Anaerobic training: Anaerobic (meaning ‘without air’) exercises mean physical activities that occur in short bursts and ask your dog’s body to produce energy without using oxygen. They are performed at a higher intensity.
Sprints, weight pull, jumps, or any other activity that lasts from 10 to 120 seconds fall under this category.
This kind of exercise helps build lean muscle mass, burn fat, and increase strength in dogs.
Food puzzles, edible chew toys, and treat hunts are great mental exercises for dogs.
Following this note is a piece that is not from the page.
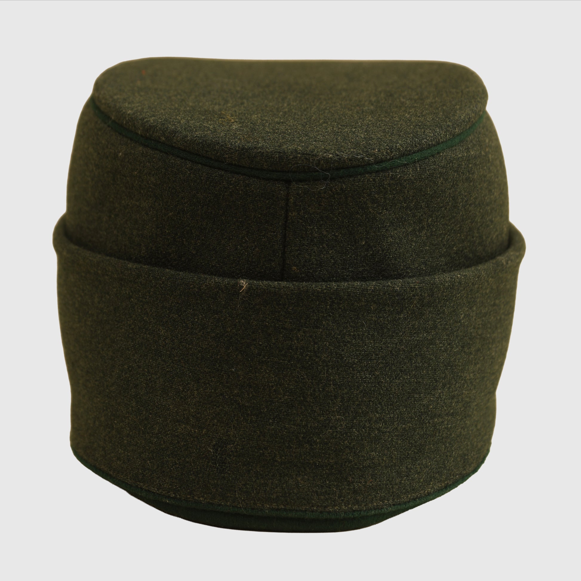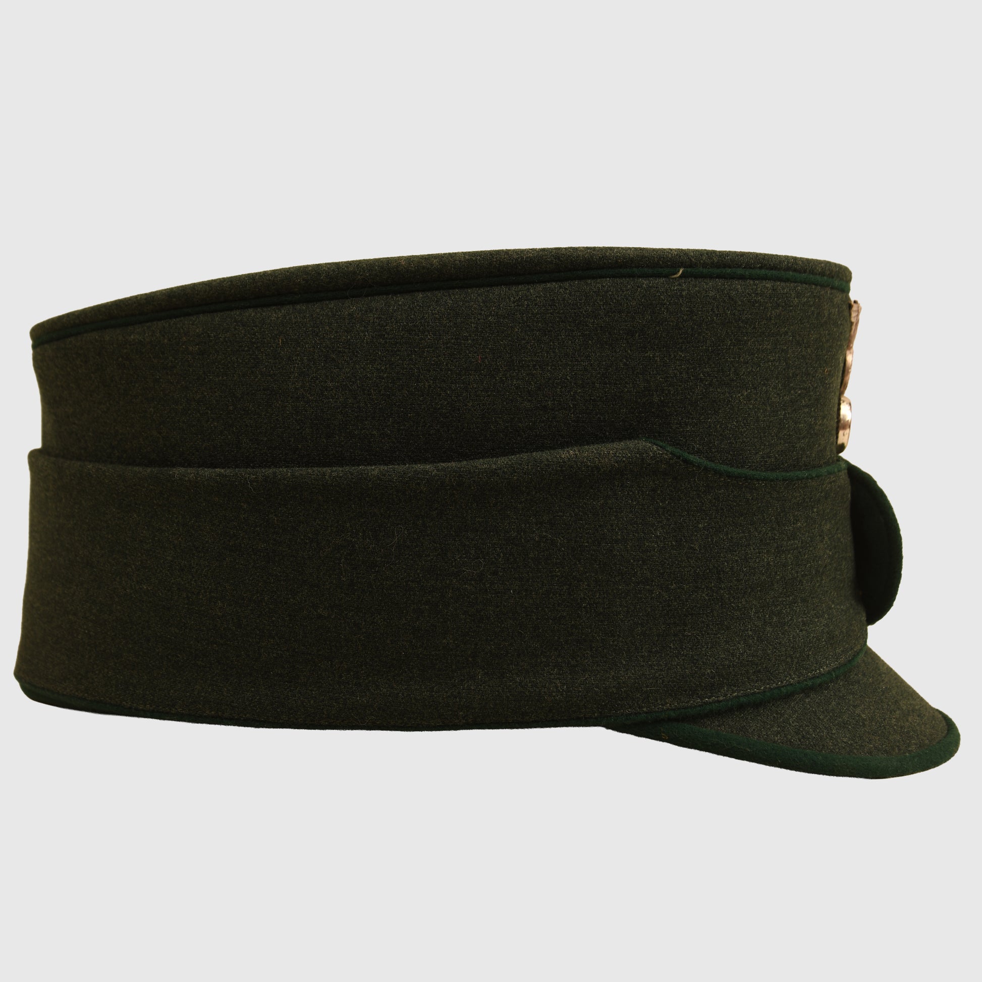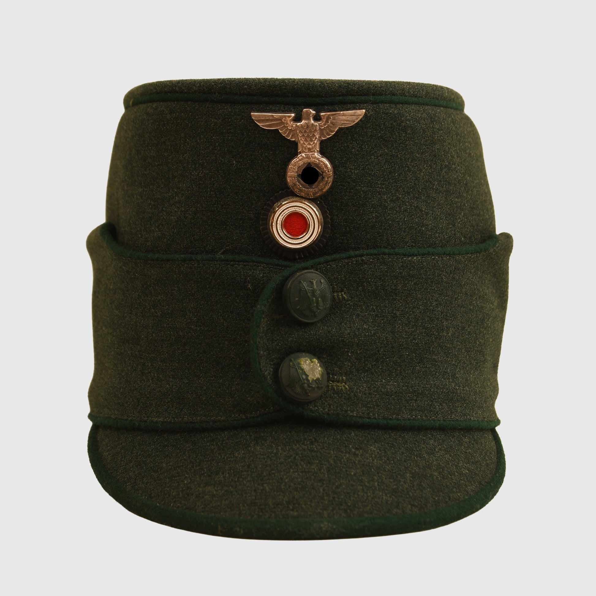An extremely scarce example of the Prussian Forestry Baschlikmütze, dating from 1934–35. Constructed in forestry green with darker green piping, this large size cap (approx. 59–60) remains in superb condition with no moth damage. The front is fitted with two Prussian eagle buttons with swastika centres, the lower button showing some surface abrasion. Complete with Prussian cockade and the M.29 SA-style political eagle. The light tan leather sweatband is intact, accompanied by a quilted, multi-stitched winter lining. Maker’s name ‘Cottbus’ is silver-blocked to the sweatband. A highly desirable and rare forestry service cap.

These can teach your dog obedience and habits or just make them smarter.
They also help keep them engaged while you’re away and curb issues like separation anxiety and destructive chewing.
Learn more: How Dog Chews Might Help with Dog Anxiety
Dog Exercise Ideas for Indoors and Outdoors
Outdoor Exercise Ideas for Dogs:
- Dog sports (frisbee, flirt pole, dog events like lure coursing, scent work, etc.)
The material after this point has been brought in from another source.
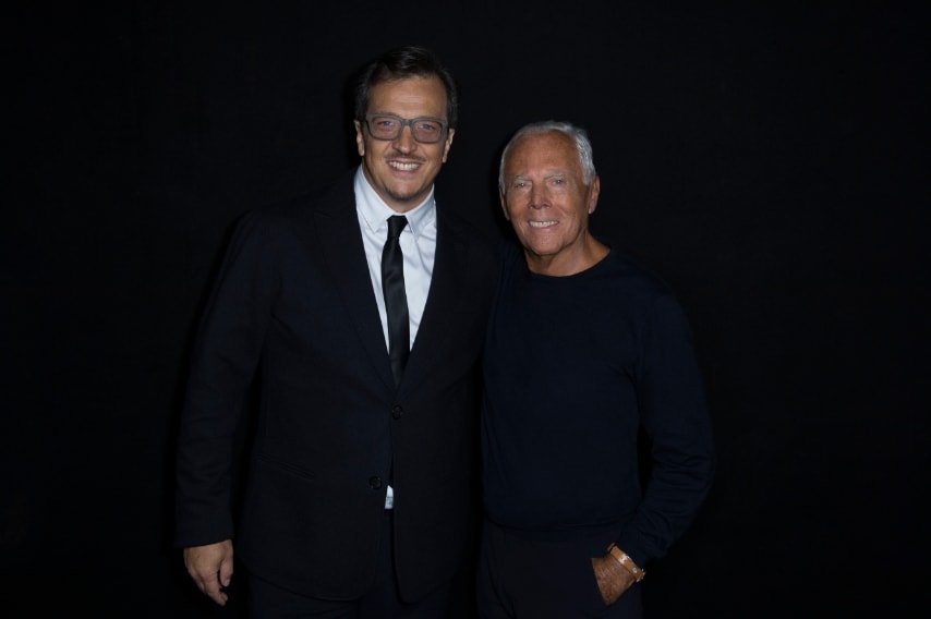• Raoul Bova con Giorgio Armani alla sfilata di Emporio Armani

- Backyard obstacle courses
Indoor Exercise Ideas for Dogs:
- Running up and down stairs
- Indoor obstacle courses
- Games of tug
- Agility training
- Obedience training
- Food and treats hunt
- Doga (Dog Yoga)
Physical exercise is a must for any dog, regardless of its breed, age, or tendencies. They help dogs’ physical and mental wellness and strengthen bonds between dogs and their parents.
While engaging your dog in any exercise, ensure they are well motivated. You can use edible or non-edible dog chew toys (like our Tibetan Dog Chew) and treats (like our Tibetan Crunchy Cheese Puffs) to keep them going.
We hope you are now better informed about the basics of dog exercise.